Somewhere in Iowa, a fifth-generation hog farmer is getting up just after dawn. He’s pulling on his jeans that are bare in the knees and short at the ankles and a weathered university sweatshirt that dates back to his days as an ag student in college. After a quick swig of coffee and an earful of the early weather reports, he steps into his boots and heads out to his hog barns. His wife will wake in an hour to start the morning ritual of getting their three kids up and ready for school. Then she’ll take off for her job at an office an hour away from the farm.
He spends the next several hours walking the pens of his farrow-to-finish operation, making sure the sows and piglets are comfortable, measuring feed rations, contacting the vet with a question about a pig’s health status.

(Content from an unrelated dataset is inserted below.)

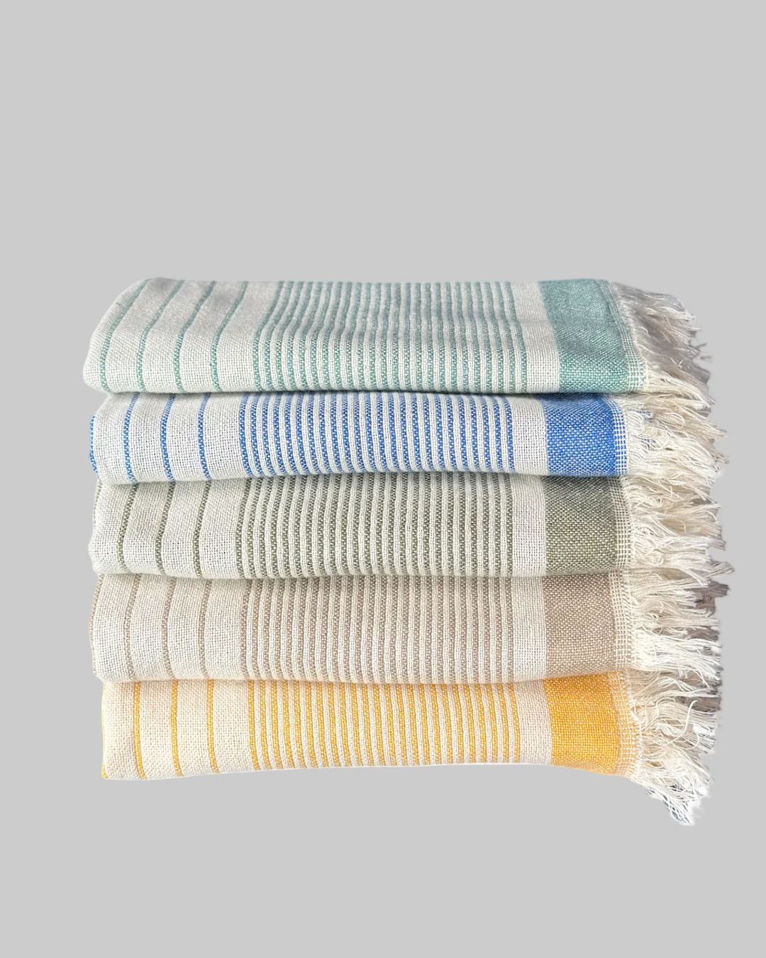 Featuring fun stripes with soft colors, the Nova Collection towels are extra soft and lightweight. Crafted of high quality Turkish cotton, these Turkish towels are great as a dish towel in the kitchen or a hand towel in the bathroom. You can even use it as a napkin, runner or placemat for a casual table setting.

He’s feeding the animals the corn that grows on the land of his family’s century farm, meaning it’s been in existence for more than 100 years. Read the full posting at http://iowafarmbureau.wordpress.com/.

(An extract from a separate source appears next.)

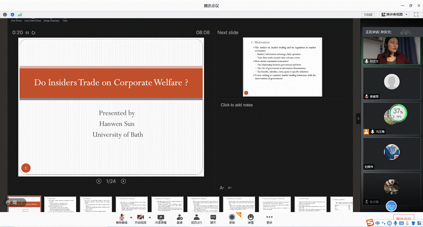 (通讯员 曲诞雪)10月23日下午,由免费成人影片 、山东省金融产业优化与区域管理协同创新中心、免费成人影片 金融国际研究中心联合举办的第9期“泰山金融学术训练营”通过腾讯会议举行,英国巴斯大学管理学院孙汉文老师应邀做客本次学术训练营,为师生们带来了题为“Do Insiders Trade on Corporate Welfare?”的讲座,学术训练营由免费成人影片 副院长冯玉梅主持,学院部分教师和研究生参加了本次活动。

As a longtime family dairy farmer, I’m angered by TIME’s biased attack on agriculture in its article “Getting Real About the High Price of Cheap Food.” There’s no question that farming, like every industry, has changed – but the change is driven by a passion for our profession.

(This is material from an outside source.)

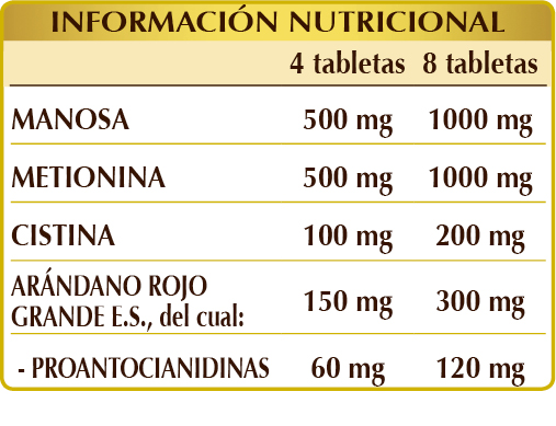 Complemento alimenticio de manosa, aminoácidos (metionina y cistina) y extracto de arándano rojo grande. Este último, también conocido como arándano rojo americano o cranberry, favorece el drenaje de los líquidos corporales y ayuda a tonificar las vías urinarias, además de ejercer una beneficiosa acción antioxidante.

My father, brothers and I are committed to doing what’s right for our community, our animals and natural resources, while producing dairy products that are safe, affordable and healthy.
Today, my father, brother and I can operate our 500-cow dairy more efficiently to keep up with the growing world demand for our milk. Modern technology enhances individual animal care… Read complete published letter.
“It’s hard to take it sitting down,” says Jason Kvols, a 35-year old farmer from Laurel, Nebraska. “You know, we get automatically defensive of our industry, and I think what needs to be done is more opportunities for farmers and ranchers to get into situations where they have a voice-where they can speak out and say ‘this is what I do and this is why I do it’.”
Kvols, who serves on the Nebraska Farm Bureau board of directors, was recently part of a panel discussion following the showing of the Food Inc.movie in Lincoln. He says it was a good experience and an excellent opportunity to present the other side of the story. Kvols says social networking, such as Twitter and Facebook, is also a great tool. Listen to his radio interview on Brownfield.
Three great case studies about effectively giving a voice to the people who raise our food. If only these were proactive pieces instead of reactive.